= I'm too sad to tell you =

Artwork by Bas Jan Ader

I'm too sad to tell you (1970), 27.7 x 35.5 cm, gelatin silver print

I'm too sad to tell you (1970–71) is a mixed media artwork by conceptual artist Bas Jan Ader. The work includes a three-minute black-and-white silent film, still photographs and a post card all related to him crying for an unknown reason. The photographs include both a short hair version and a long hair version. The post cards were mailed to his friends with the inscription “I'm too sad to tell you”. There was an original, now lost, version of the film called Cry Claremont. It was shown in the Pomona College Gallery in Claremont, California in 1971-72.

In conjunction with the title of the work, the reason for his sadness was never stated.

==Composition and history==
The work's original form was a silent black and white movie that was filmed outdoors in 1970, apparently in front of Ader's house. The movie was shown in Claremont College, but has since been lost. A still from the movie, however, was extracted and made into a post card. It shows Ader with his head in his hand crying. The back of the post card had the written inscription “I'm too sad to tell you”. It was dated September 13, 1970. The card was mailed to a number of Ader's friends. The image has also been reproduced in a photographic version with the inscription written in the lower right hand corner. The post card and photograph have become iconic of the work and a symbol that many artists have emulated (see Influence below).

A second version of the film was made in Amsterdam in 1971. This was more of a performance with Ader appearing to be calm before the shooting and rubbing his eyes during the filming to produce tears and build emotional intensity. Ten minutes of film was shot with the final version edited to about three and a half minutes. The edited version captures Ader at his most anguished. His face is framed closely. There is no introduction or conclusion, no reason given and no relief from the anguish that is presented. Critics have said that it is hard not to be affected by the film, with its offering of “raw passion to anyone willing to watch”.
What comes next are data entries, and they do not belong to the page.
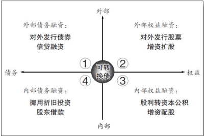 若以融资风险为标准,图中优选原则应该是先股后债,先外后内,顺序是②、①、③、④象限。第②象限增资扩股,企业吸收的外部股东越多,抗风险的能力越强;第四象限的内部债务融资,企业自身的风险和负担增加。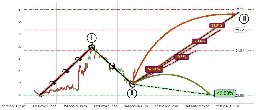 ➣ 循环浪继续向上【平均值】位置(09-15:09, 34.72),匹配聚类样本比例57.78%, 可能性概率33.06%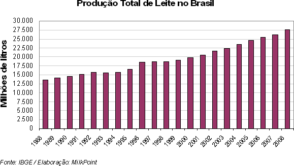 Gráfico 1. Produção de leite de vaca no Brasil de 1988 a 2008, em milhões de litros.

==Critical interpretation==
The work has inspired many critical interpretations and analysis.

There seems to be an overall tension between the sincerity of the artist's captured emotions and performance aspects of the works. Artists James Roberts and Collier Schorr, for example, feel the works are at once intensely personal and yet very arbitrary. There was a true reason for Ader's sadness, but that is not shared with us. Bruce Hainley, contributing editor to Artforum, thinks the reasons for his sadness are beside the point. In his view, Ader walks a fine line between sincerity (the sadness is real) and melodrama (the work is staged multiple times). Jörg Heiser, coeditor of Frieze, views the work as an ironic statement of the artist taking on all of the embarrassment of the expressed emotion while leaving it open as to whether or not the viewer takes on the embarrassment as well.

Women reviewers have been more critical. Jennifer Doyle in her book Hold it Against Me: Difficulty and Emotion in Contemporary Art feels the work may be seen as real due to the tradition of the “melancholy white male artist”. She sees this in contrast to how a woman would have been perceived as either acting or in hysterics. Journalist Betty van Garrel goes so far as to say (in translation) "Ader is a sentimental loser, a romantic softie, a problem case and not even original in that."

==Influence==
I'm too sad to tell you has influenced a large number of artists, with many composing interpretations and homages to the work. These include:
- Alexander Brandt said of his goal of imitating Ader's pose in his own self-portrait:
"My appropriation of this visual has a strategic aim. I myself do not fit the cliché of a tragic artist ... It is the reactions it will produce with the audience that interest me."
- David Horvitz on the influence for his book Sad Depressed People:
"If you look at my book, all the images are with people's hands to their faces ... this was actually a direct reference to Ader's image."
- Vik Muniz created Self Portrait (I Am Too Sad to Tell You, after Bas Jan Ader) with his head in his hand per Ader.
- Hugh O'Donnell created a performance piece performed with Ader's movie.
- Lisa Rovner said Ader's movie "was the most beautiful thing she's ever seen."
- Kehinde Wiley connects this work to his own "Colourful Realm" series, saying "There’s the subject of the misery or the search for authenticity, which, no matter what your race, gender, class is, what we all are seeking is the impossibility."